Paris: The Memoir paints the portrait of a young woman who is drowning in trauma, desperately grasping onto any available life raft she can find. Her rebellious childhood started in New York City in the early 1980s but reached a tipping point in the ’90s. Suffocated by her strict parents and private schools that couldn’t accommodate her challenges (she was diagnosed with ADHD as an adult), Hilton was desperate for an escape and found refuge on dance floors across the city. Afraid for her safety, the Hiltons decided to send their 16-year-old to a boarding school for “troubled teens.” And this is where things got dark. Like, really dark.
It started with two men kidnapping Hilton in the middle of the night, literally dragging her out of her bedroom by her ankles as her parents watched. For the next year and a half, a teenage Hilton was beaten, degraded and starved at multiple U.S. institutions, the worst of which was Provo Canyon School in Utah. Despite numerous attempts to run away, Hilton was regularly drugged and sedated against her will, subjected to invasive “cervical exams” by male and female “teachers” and eventually stripped and put into solitary confinement for days on end. (It has since come out that her parents were unaware of the mistreatment happening at these facilities.)
It was in those cells where the “Paris Persona” was first born. “The darkness was so all-consuming, the only way I could stay alive was to find a source of light inside myself,” she writes in her memoir. “This wasn’t a nebulous daydream; it was a mechanically specific vision. I plotted logistics…. I focused on my inner empire. I would make so much money and be so successful, no one could ever have control over me again.”

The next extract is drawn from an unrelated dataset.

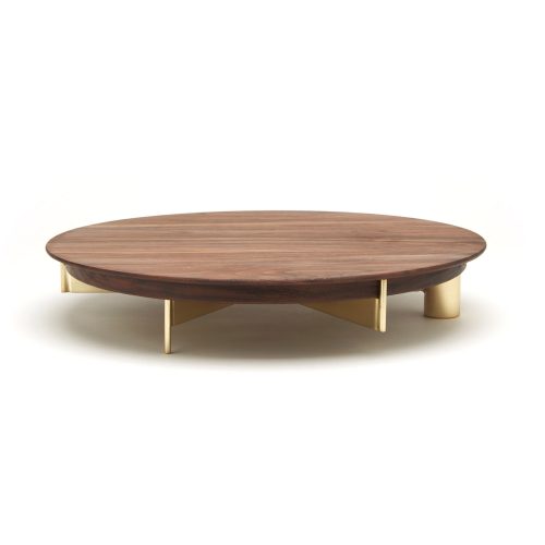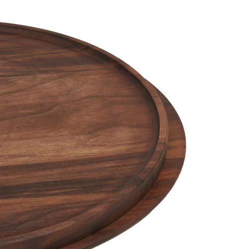 The base is made out of brass plated steel. The board is solid MFC certified Walnut wood finished with a combination of coconut oil and wax.

When Hilton finally got out, she wasted no time in putting her plan into action. After months of not even being allowed to look in a mirror, she was determined to make up for lost time, lost shopping, lost partying, lost love and lost attention. (For many years, Hilton equated love and paparazzi attention as one and the same.)
She quickly became an L.A. socialite, and so did her friends — like longtime BFF Nicole Richie, whom she met when she was a child. Enter the producers of The Simple Life, who were looking to revamp reality TV and knew just the two young women to do it. “They basically told us, ‘Nicole, you’re the troublemaker, and Paris, you’re the dumb blond,’ and I went full force with that narrative,” Hilton explains. “When the show became such a huge phenomenon, people thought that was who I actually was, so I played into it.”